United States Loosens Restrictions on Huawei: The United States will relax the blacklisting of Huawei to allow American companies to sell technology to Huawei in cases where there is no threat to U.S. national security, according to U.S. Commerce Secretary Wilbur Ross. This move is seen as an effort to revive trade talks with China and to prevent economic damage to  American companies in sectors where Huawei could easily buy from foreign competitors. White House economic adviser Larry Kudlow said that while American companies will be allowed to sell general merchandise to Huawei, U.S. government purchases of Huawei products and any transactions related to 5G will remain off-limits.    
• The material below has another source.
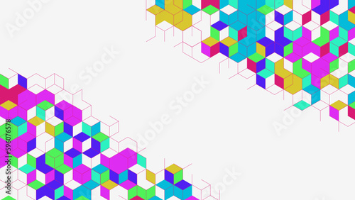 Colorful geometric pattern with cubes and hexagons. Technology background. Vector illustration

Across the Atlantic, even as the UK government continues to debate the extent to which the Chinese company should be allowed to supply the next generation of telecom equipment, reports surfaced suggesting mobile service providers in the UK have already begun working with Huawei to supply “non-essential” parts of 5G networks.

Trade Tensions Drive Tech Companies Out of China: Several major U.S. tech companies are planning to shift substantial production out of China as a result of continued trade tensions, according to a report from Nikkei. HP and Dell may relocate up to 30 percent of their notebook production out of China while Microsoft, Alphabet, Amazon, Sony, and Nintendo are also considering shifting smart speaker, game console, and other component manufacturing out of China. Southeast Asia looks to be the big winner. Dell has started a “pilot run” of notebook production in Taiwan, Vietnam, and the Philippines, while Amazon is considering new sites in Vietnam, and Microsoft looking to Thailand and Indonesia.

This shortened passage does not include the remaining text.